I recently worked on a widget that displayed a live feed of songs from one of our radio station’s playlist. The system that runs our radio station outputs XML which is then fed to a database. A program turns that data into feeds that get pulled by other programs.
Live feed from our station's playlist

It’s common to use XML to share data between servers that use different technologies. The system that generates the playlist is proprietary, so XML provides an easy format through which this data can be shared.

What is XML?

The eXtensible Markup Language is a way to structure your data for sharing across sites. Some of the technologies that are crucial to the web like RSS (Real Simple Syndication) and Podcasts are special flavors of XML. The beautiful thing about XML is that you can easily roll your own for anything you need.

XML is easy to create because it’s a lot like HTML…except you can make up your own tags.
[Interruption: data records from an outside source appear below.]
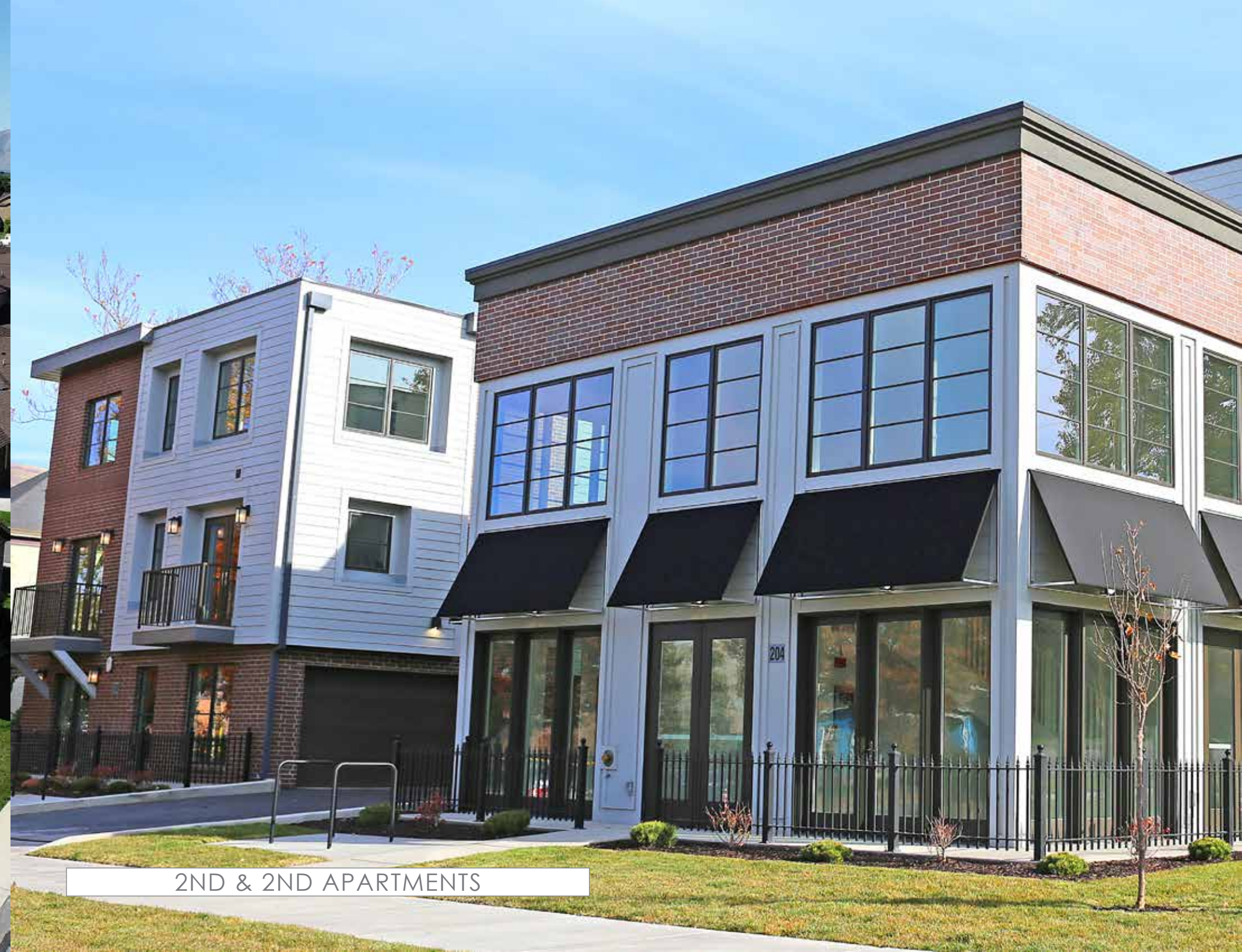
2ND & 2ND APARTMENTS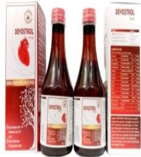
200ml Devostrol Syrup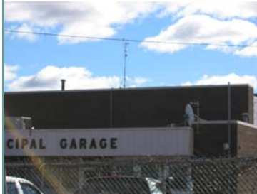
Weather Station on Roof

The decision on whether Croton's railroad station parking lot needs to be closed due to weather conditions is being aided by the recent acquisition of sophisticated weather forecasting equipment.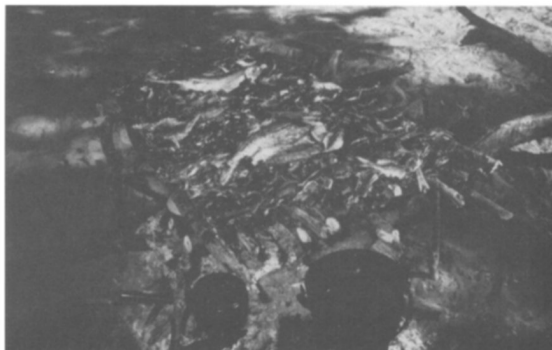
Figure 5. Fish killed by spraying with endosulfan are sometimes smoked and eaten—and are safe.

Many authorities, including FAO, now believe that large tsetse eradication campaigns should be preceded by detailed land-use planning so that, in theory at least, the occupation of virgin territory takes place in a controlled and optimum fashion (Jahnke, 1976; Jordan, 1979). Perhaps too little attention is being paid to the need also to monitor the changes as they occur. Generally, tsetse control departments do not consider the land-use implications of their work, but the National Tsetse and Trypanosomiasis Control Project of Somalia is an exception, considering some of the wider issues of tsetse eradication through an Environment Section. It remains to be seen, however, whether the manner and timing of eradication in Somalia will be influenced by the section's findings. Tsetse fly control campaigns: effect on wildlife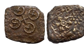
Lot: 50 Ancient, Ujjain, (2nd-1st Century BC), Copper Unit, Obv: Tree in railing, Ujjain symbol, Triangle standard (Indradhwaja), River below, Symbols on top are Fish tank and Chakra, Rev: Ujjain symbol with concentric orbs, similar Pieper # 763, pg. 111, 3.84g very fine, very scarce. Estimate: ₹2000 - ₹2500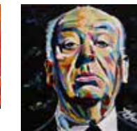
The Directors Series John Huston, Quentin Tarantino, George Lucas, Martin Scorsese, Kevin Smith, & Alfred Hitchcock acrylic on canvas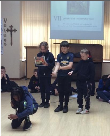
Seventh Station: Jesus falls for the second time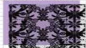
Lace 16a - Black / Contrast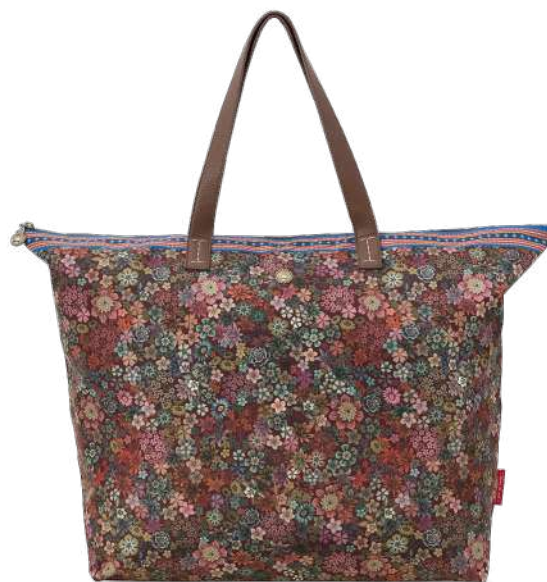
51.273.362 Tote Bag 66x20x44 cm Tutti i Fiori Pink 60% Polyester - 30% PVC - 10% PU Compartment: 1 - Pockets: 3 - Ltr: 17 1/24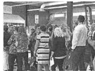
HS Welcome Back Tunnel Walk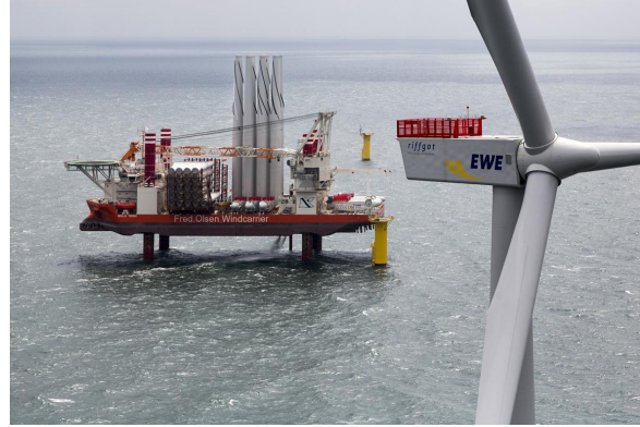
(b) Heli-boost platform on top of a wind turbine nacelle and installation ship/platform with helideck on the left side.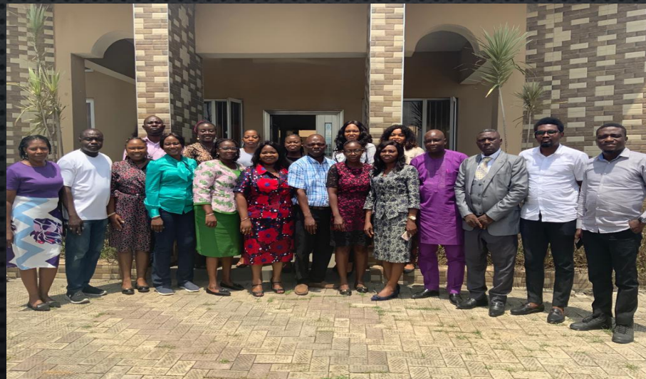
Participants posing for random photograph with the Deputy Centre Leader after class lectures

Let’s say, for example that you’re putting together a feed for a list of songs playing at your own radio station. We’ll keep this simple, so we’ll just encode the name of the artist, the title of the song, plus the time when the song was played. We make up a couple of tags called <title> and <artist> and wrap each of them around a <song> tag. We’ll create a dateplayed attribute for each song with the date and time the song was played. You might encode something like that in this manner.

<songs>
    <song dateplayed="2011-07-24 19:40:26">
        <title>I left my heart on Europa</title>
        <artist>Ship of Nomads</artist>
    </song>
    <song dateplayed="2011-07-24 19:27:42">
        <title>Oh Ganymede</title>
        <artist>Beefachanga</artist>
    </song>
    <song dateplayed="2011-07-24 19:23:50">
        <title>Kallichore</title>
        <artist>Jewitt K. Sheppard</artist>
    </song>
</songs>

There’s some rules that you have to adhere to when creating XML data. If you’re familiar with XHTML…you’ll be right at home with some of these, but let’s review them:

  • XML is case sensitive so <Title>` is not the same as <title>.
  • All XML elements must have closing tags.
  • XML requires a root element (the <songs> tag above serves as our root element)
  • Attributes must be quoted
  • Special characters (like & (&amp;) and < (&lt;) and > (&gt;) signs) must be encoded.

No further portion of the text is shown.